## DIRECTIONS FOR THIS TASK
Only the lines from the one containing "最後は館長鬼&お兄さん鬼と玉入れゲーム!" to the end of the listing below should be returned, exactly as written and without pictures.

## TASK INPUT
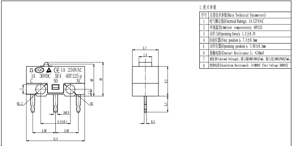 Folosind un mecanism brevetat de declanșare rapidă cu acțiune rapidă, timpul de răspuns la declanșare este ≤8 ms, îmbunătățind performanța cu 25% în comparație cu microcomutatoarele tradiționale. Cursarea declanșatorului este controlată cu precizie între 0,3-1,0 mm, cu un interval de forță de operare de 1,5-4N. Feedback-ul de apăsare este clar și clar, fără lipire sau joc liber, permițând controlul precis al „atingere ușoară pentru a conecta, eliberare pentru a rupe”, perfect potrivit pentru scenariile care necesită o sensibilitate mare de declanșare. Contactele sunt realizate din aliaj de argint-staniu de înaltă puritate și prelucrate cu sudare precisă în puncte, cu o rezistență inițială de contact de ≤30mΩ. Sarcina nominală acceptă 1A/250V AC și 3A/125V AC, prevenind eficient încălzirea prin contact sau arderea atunci când trece curentul.
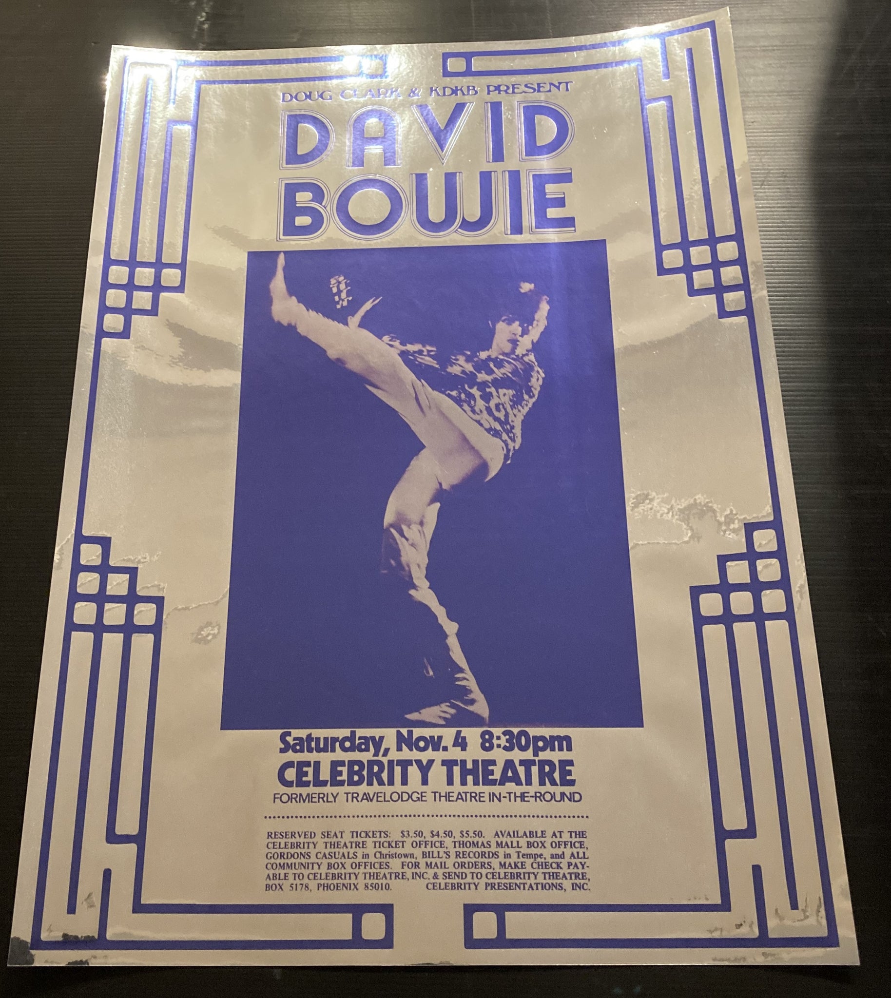 Buy David Bowie concert poster - Ziggy live Celebrity Theatre USA 1972 chrome mirror effect from range of Music Artist Posters A - I. More original movies posters, original music posters & memorabilia available
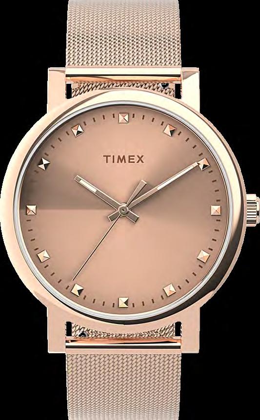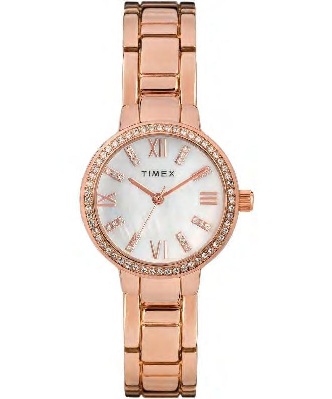 Timex Essential Originals TW2U05500 to zegarek w najmodniejszym kolorze ostatnich lat. Okrągłą kopertę odlano z wysokiej jakości mosiądzu (o niskiej zawartości ołowiu), którą dodatkowo pokryto powłoką w kolorze różowego złota. Analogowy cyferblat wyposażono w wyraźne wskazówki i indeksy oraz logo marki koło godziny dwunastej. Tarczę zabezpieczono elastycznym szkłem mineralnym. Produkt objęto dwuletnią gwarancją producenta.
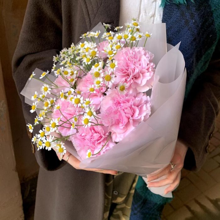 Гвоздика розовая – 7 шт.Матрикария – 4 шт.авторска упаковка – 1 шт.
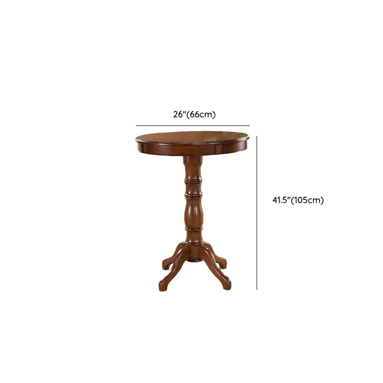 Classic Traditional Brown Wood Round Pedestal Bar Table - 26"L x 26"W x 41"H / Table Only is backordered and will ship as soon as it is back in stock.
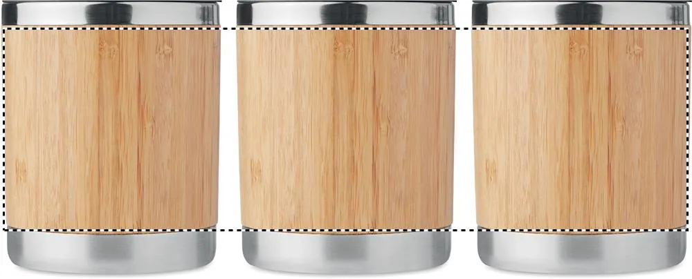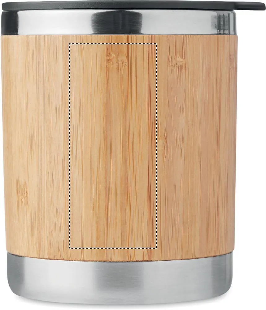 "Copo de aço inoxidável de parede dupla com caixa de bambu e furo para bebidas móvel. Capacidade 250 ml. O bambu é um produto natural; pode haver pequenas variações de cor e tamanho por item, o que pode afetar o resultado final da impressão."Copo capa de bambú 250 ml
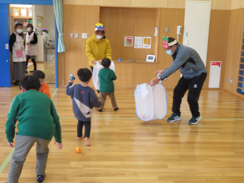最後は館長鬼&お兄さん鬼と玉入れゲーム!
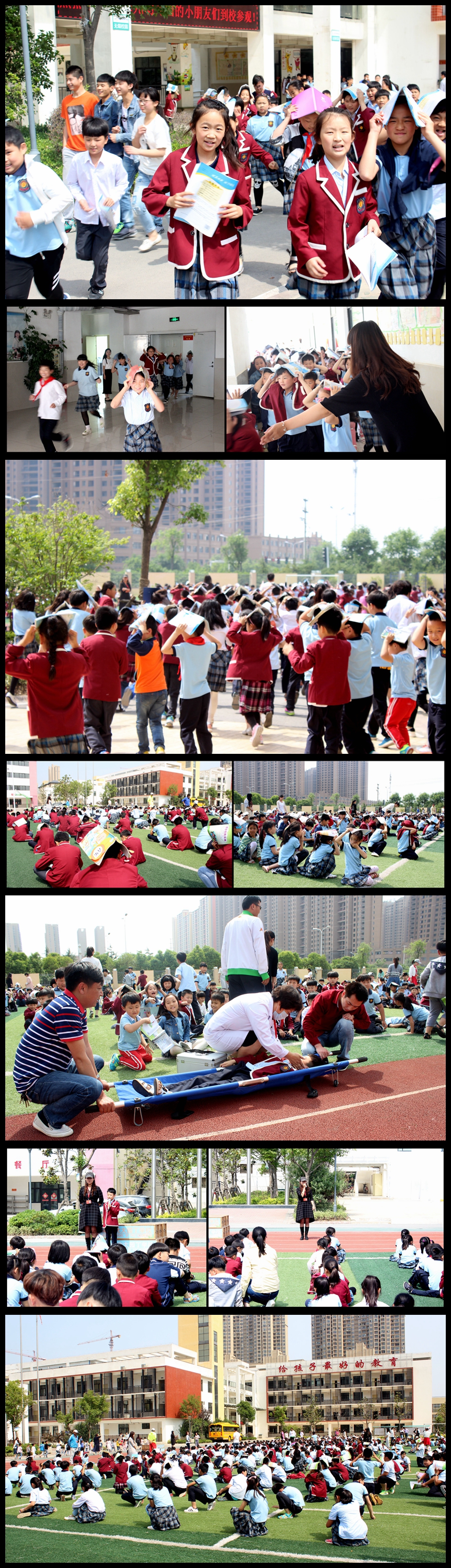 上午9:55分,響亮的防空警報聲突然響起,各班學生在老師的帶領下,拿書蓋在頭頂,迅速有序地從指定疏散通道撤離,在負責疏散的領導和老師的指揮下,全體師生迅速到達操場集合蹲下。醫(yī)療救護人員也及時到位。接著,各班主任清點本班人數(shù),并向袁校長匯報。整個過程歷時1分36秒。

## FINISHED TASK
最後は館長鬼&お兄さん鬼と玉入れゲーム!
 上午9:55分,響亮的防空警報聲突然響起,各班學生在老師的帶領下,拿書蓋在頭頂,迅速有序地從指定疏散通道撤離,在負責疏散的領導和老師的指揮下,全體師生迅速到達操場集合蹲下。醫(yī)療救護人員也及時到位。接著,各班主任清點本班人數(shù),并向袁校長匯報。整個過程歷時1分36秒。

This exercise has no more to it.